The influenza spread and struck down victims extremely rapidly. Some collapsed with no warning, and many died within hours. About 20% developed a devastating form of pneumonia. Particularly hard-hit were seemingly healthy younger adults between the ages of 25 and 40.
Wisconsin’s State Board of Health ordered communities “to immediately close all schools, theaters, other places of amusement and public gathering for an indefinite period of time.” Individuals were asked to socially isolate, creating a sense of “forced retirement into oneself.” Political campaigns were severely curtailed with public rallies, stump speeches and parades banned. They were replaced with mail campaigns and newspaper coverage.
This order was followed in Ripon for several weeks, schools were closed and the football season was cut short.
Because of these measures, Wisconsin fared relatively lightly compared to other states. About 103,000 Wisconsin residents were sickened and 8,459 died. In Fond du Lac County, where Ripon College is located, the death toll was 115.

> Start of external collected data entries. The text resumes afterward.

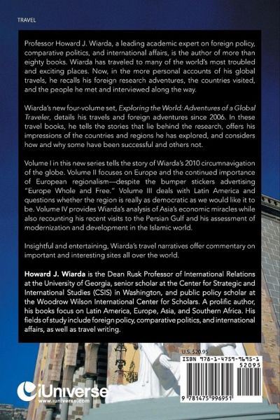 Professor Howard J. Wiarda, a leading academic expert on foreign policy, comparative politics, and international affairs, is the author of more than eighty books. Wiarda has traveled to many of the world's most troubled and exciting places. Now, in the more personal accounts of his global travels, he recalls his foreign research adventures, the countries visited, and the people he met and interviewed along the way. Wiarda's new four-volume set, Exploring the World: Adventures of a Global Traveler, details his travels and foreign adventures since 2006. In these travel books, he tells the stories that lie behind the research, offers his impressions of the countries and regions he has explored, and considers how and why some have been successful and others not. Volume I in this new series tells the story of Wiarda's 2010 circumnavigation of the globe. Volume II focuses on Europe and the continued importance of European regionalism-despite the bumper stickers advertising "Europe Whole and Free." Volume III deals with Latin America and questions whether the region is really as democratic as we would like it to be. Volume IV provides Wiarda's analysis of Asia's economic miracles while also recounting his recent visits to the Persian Gulf and his assessment of modernization and development in the Islamic world. Insightful and entertaining, Wiarda's travel narratives offer commentary on important and interesting sites all over the world.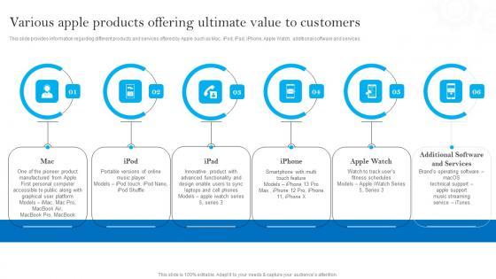 This slide provides information regarding different products and services offered by Apple such as Mac, iPod, iPad, iPhone, Apple Watch, additional software and services. Explore a selection of the finest Various Apple Products Offering Ultimate Value To Customers Apples Proficiency In Optimizing Formats Pdf here. With a plethora of professionally designed and pre-made slide templates, you can quickly and easily find the right one for your upcoming presentation. You can use our Various Apple Products Offering Ultimate Value To Customers Apples Proficiency In Optimizing Formats Pdf to effectively convey your message to a wider audience. Slidegeeks has done a lot of research before preparing these presentation templates. The content can be personalized and the slides are highly editable. Grab templates today from Slidegeeks. This slide provides information regarding different products and services offered by Apple such as Mac, iPod, iPad, iPhone, Apple Watch, additional software and services.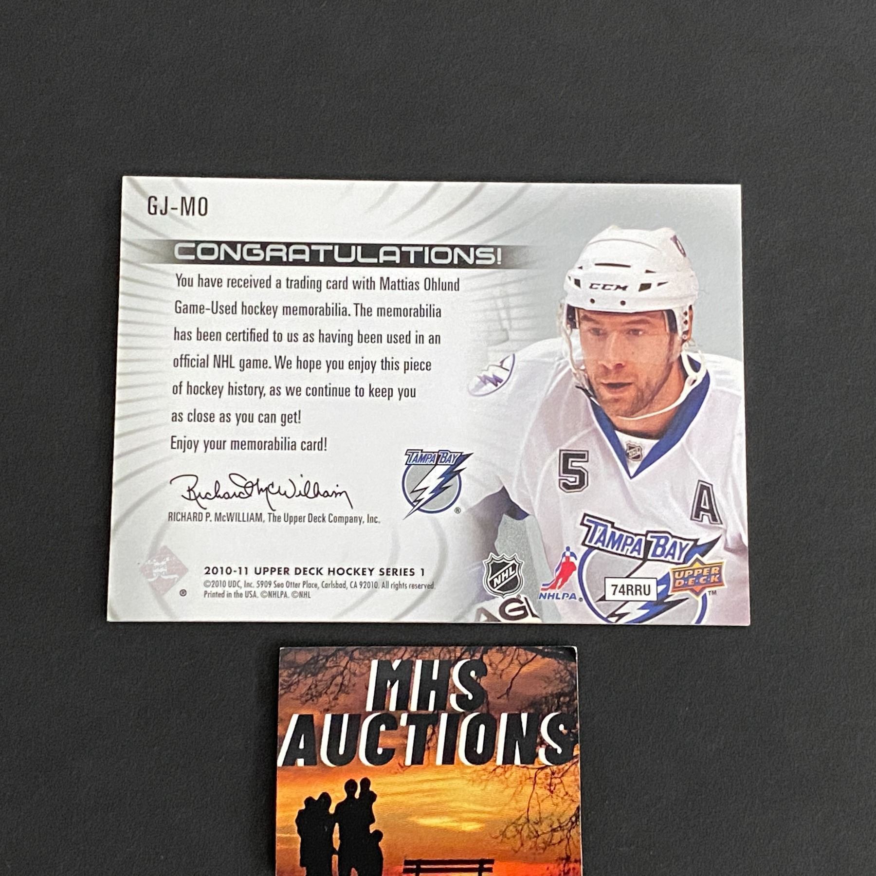 2010-11 U.D SERIES 1 HOCKEY MATTIAS OHLUND JERSEY CARD

Sad news came of Ripon College alumni. On Oct. 10, a front-page story in the Ripon Weekly Press noted the death of Dr. Ward DeBoth of Green Bay after he had contracted the disease caring for patients. He did college preparatory work at Ripon in 1905 and was a football star. His sister,
The death of Frances Emily Stuart, a graduate of the music department at Ripon in 1912, was noted Oct. 24. She had been head of the music departments at Colby College in Maine and Whitman College in Walla Walla, Washington. She had died Oct. 1 of pneumonia following influenza at the family home in Maine.
“The Stuart family have been sorely afflicted the past month,” the newspaper reported, “Miss Stuart, her father and a sister, all passing away within 24 hours of one another. A few days later, the sister’s small son also succumbed to the disease. It was only a short time previous that they had had official notification of the death of the lad’s father in France.”
The epidemic finally trailed off in December, and the State Board of Health declared it would “forever be remembered as the most disastrous calamity that has ever been visited upon the people of Wisconsin or any of the other states.”